The eight subtests of the Intelligence Structure Battery – Short Form were created using a variety of approaches to automatic item generation  (AIG: Arendasy & Sommer, in press; Irvine & Kyllonen, 2002), taking account of recent research findings in the cognitive sciences and applied psychometrics. 


Unlike in INSBAT, the user of the Intelligence Structure Battery – Short Form can only omit entire secondary factors; it is not possible to omit individual subtests or to adjust their reliability to specific assessment needs. Each subtest is provided with standardised instructions and practice examples based on the principles of programmed instruction and “mastery learning”. Depending on the subtest, the respondent’s answers are given either in multiple-choice format or as automated free responses. The items in the individual subtests are presented partly in power test form and partly with a time limit on each item. In seven of the eight subtests the items are presented as an adaptive test (CAT) with a starting item selected on the basis of sociodemographic data, thereby maximising reliability and test security.


For each subtest the ability parameter is first calculated according to the 1PL Rasch model. However, since the reliability of the individual subtests is deliberately set low as standard, these test scores are not reported. They merely form the starting point for calculation of the real factors of interest – the secondary factors, which can be used to assess both intelligence structure and level. Alongside the reporting of the factor scores a norm comparison (percentile ranks and IQ; confidence interval) is carried out. At the conclusion of testing the results are displayed both in tabular form and as a profile, and these can be printed out. In addition, INSSV has provision for transferring the test results automatically into a report template.


The reliability of the five secondary factors lies between 0.70 and 0.84. The reliability of the general factor is 0.91.


The construct representation (Embretson, 1983) of the individual subtests has been demonstrated in studies in which the item difficulties were predicted from task characteristics derived from the theoretical models for the solving of these types of task.
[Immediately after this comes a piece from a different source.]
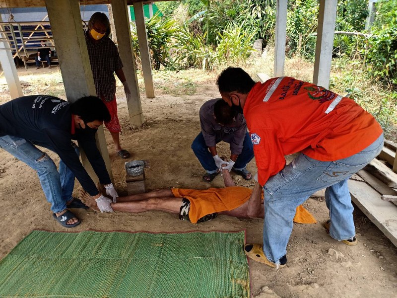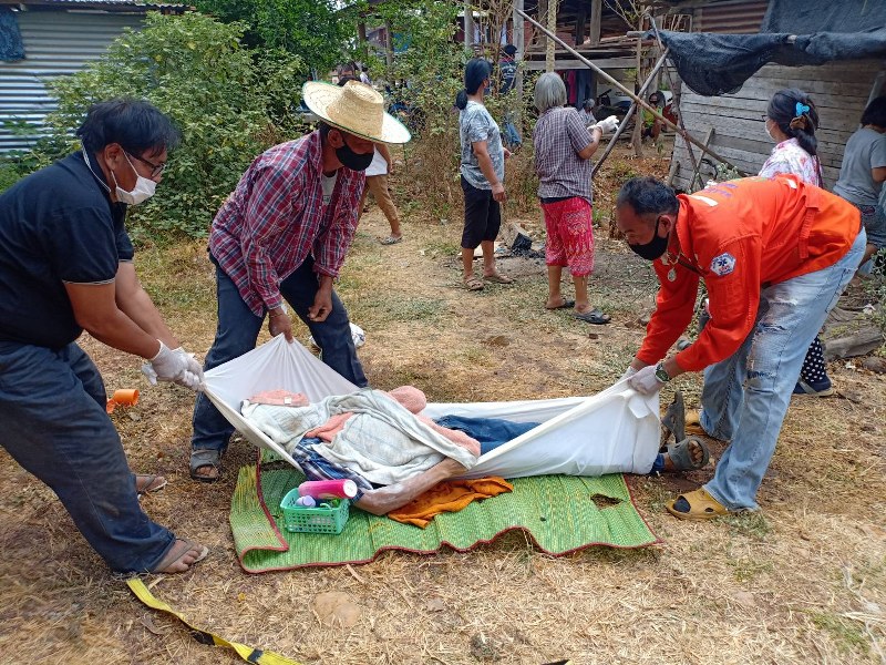 เวลา 09.00 น. วันที่ 25 เม.ย. 2563 พ.ต.ท.ธงชัย เจิมขุนทด สว.(สอบสวน) สภ.บ้านแก่ง อ.ศรีสัชนาลัย จ.สุโขทัย รับแจ้งมีผู้เสียชีวิต ที่บ้านไม่มีเลขที่ หมู่ 4 ตำบลบ้านแก่ง อำเภอศรีสัชนาลัย จึงรายงานให้ผู้บังคับบัญชาทราบแล้วรุดไปตรวจสอบพร้อมแพทย์เวรร.พ. ศรีสัชนาลัย และอาสาสมัครกู้ภัยเทพนิมิตรจุดสารจิตร ที่เกิดเหตุพบศพชายนอนเสียชีวิตในเปลใต้ถุนบ้านไม้ยกพื้นสูงยังสร้างไม่เสร็จในสภาพมือเท้าเกร็ง ไม่มีบาดแผลจากการถูกทำร้าย
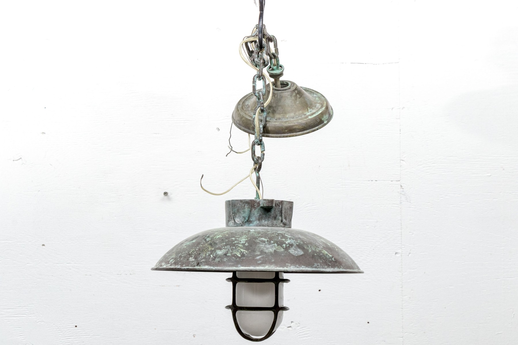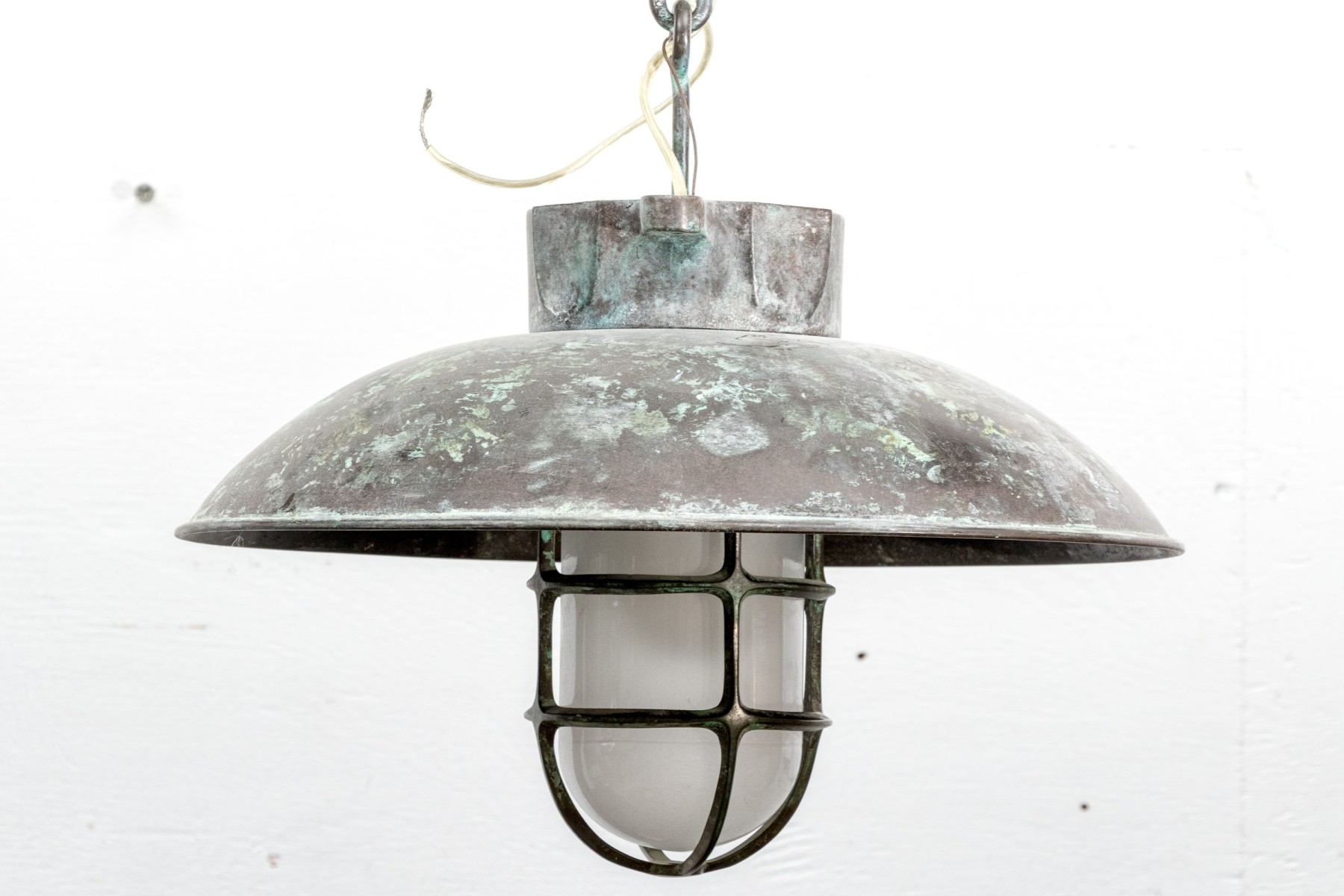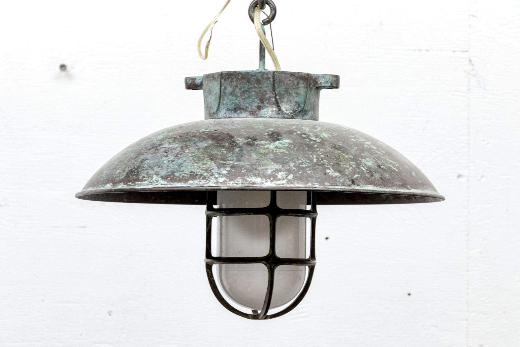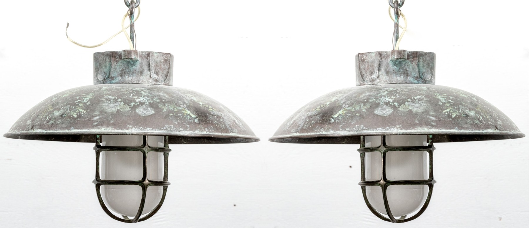 A fantastic pair of Urban Archaeology NY pendant lights with excellent rustic nautical and industrial style. The pendants are beautifully designed with a nicely patinaed verdigris hued finish over sturdy, warm gray metal, showcasing domed shades over white bulbs contained within protective cages.

The multiple correlations between the item difficulty parameters of the Rasch model (Rasch, 1980) and the item characteristics thus obtained vary for the individual subtests between R=0.70 and R=0.97. This means that between 50% and 94% of the difference in the difficulties of the individual items can be explained by the theoretical models on which construction of the items in the individual subtests is based. 
Many other studies of construct validity are now available that confirm the theory-led assignment of the individual subtests to the secondary factors of the Cattell-Horn-Carroll model (Arendasy & Sommer, 2007; Arendasy, Hergovich & Sommer, 2008; Sommer & Arendasy, 2005; Sommer, Arendasy & Häusler, 2005).
Evidence of criterion validity has come from the fields of aviation psychology (selection of trainee pilots) and educational counselling (prediction of student success at universities of applied sciences).